Suits & Sentences wonders how the possibility of getting nominated to the Supreme Court -- that is, the awareness that one is a viable future nominee -- might affect current judging. It stands to reason that a potential nominee might at least be tempted to trim or shape opinions, though the measurement of this might be difficult.
Take Judge Diane Wood of the 7th Circuit Court of Appeals, an attractive candidate by any measure. She was a consensus contender for the last opening, won by now-Justice Sonia Sotomayor, and she can count the tree rings on the current court as well as anyone. So does Judge Wood take her opinion-writing now as a kind of anticipated try-out?
On Wednesday, Judge Wood offered two majority opinions for the 7th Circuit. In one, a sad case involving the death of a child, she begins with the kind of bracingly direct statement not always found in a judicial opinion:
"Jason Walsh suffered from autism."
Bottom line, beyond the nice declarative sentence: the unanimous decision was to overturn a trial judge and let the Walsh family's medical malpractice complaint proceed. So she defends the little guy, the victim!
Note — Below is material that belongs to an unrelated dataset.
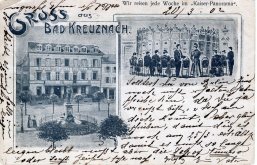 Die Foto- und Postkartensammlung bietet interessante Einblicke in die Geschichte der Stadt Bad Kreuznach, Zu sehen ist oben der Bismarckplatz (heute Kornmarkt) mit dem Wochenmarkt.
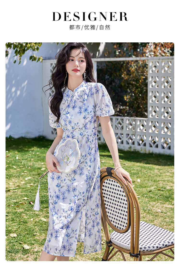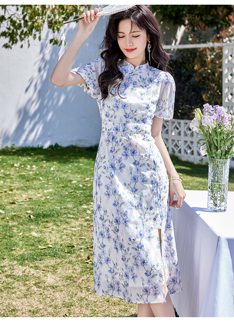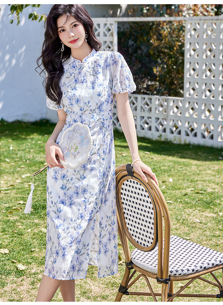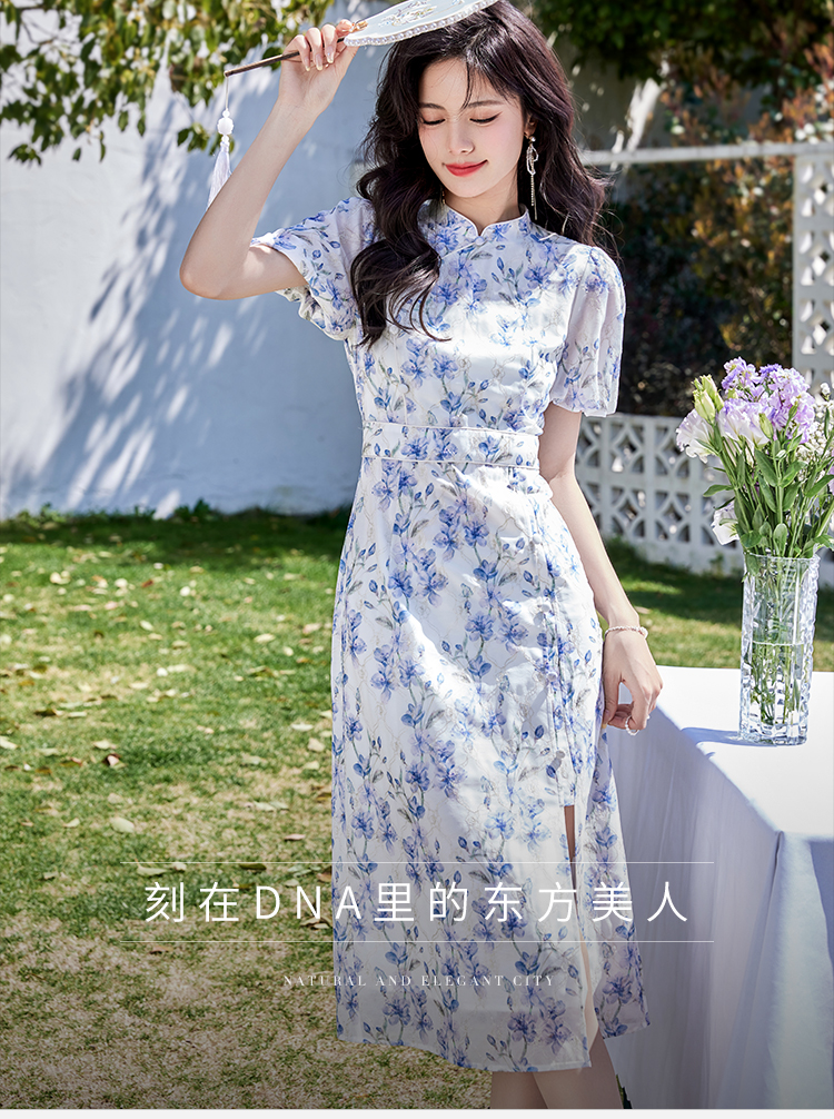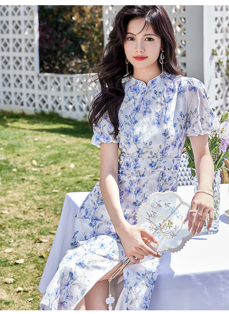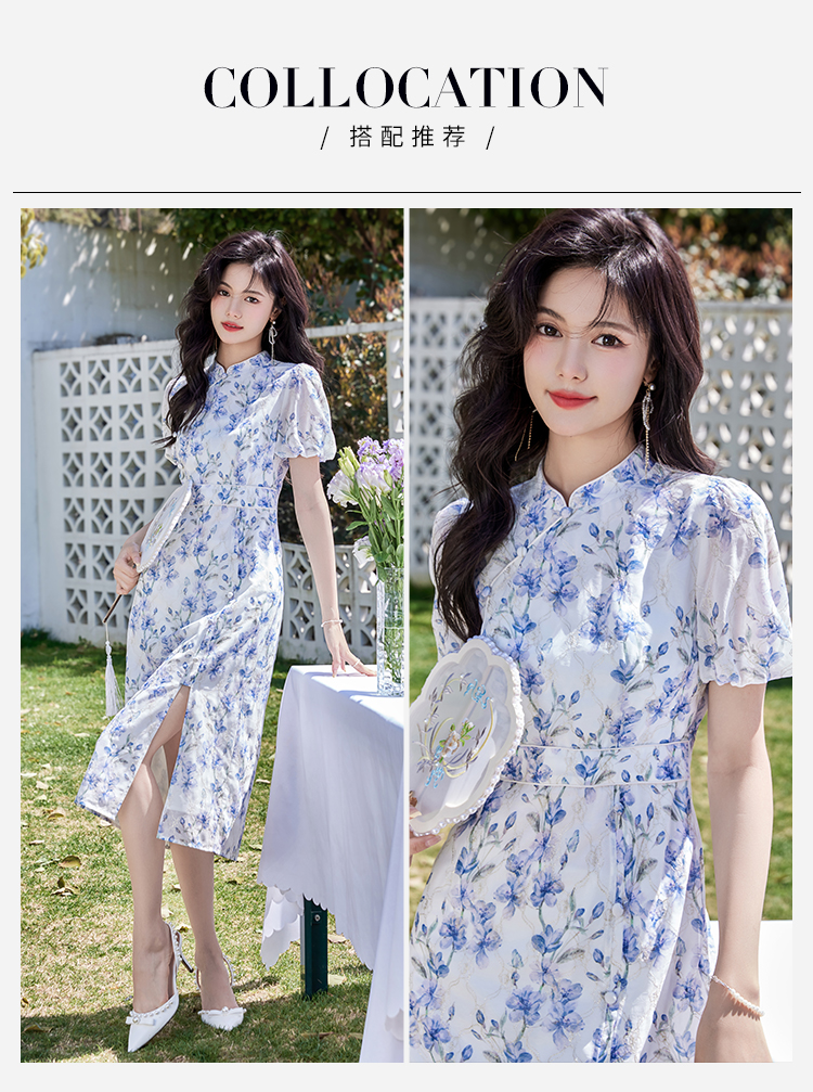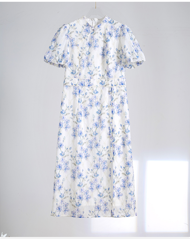 【专属特价】熙世界青花瓷印花国风立领改良版新中式泡泡袖开叉旗袍连衣裙女夏

In the other case, pitting the Iron Workers of Western Pennsylvania Pension Plan against the Guidant Corp., Judge Wood ruled against the workers who were claiming they had been defrauded. Again, the decision seems very clearly written -- but the decision was for the corporation. So she defends business!
There's something here for everyone to like It's clearly time for a lot more research.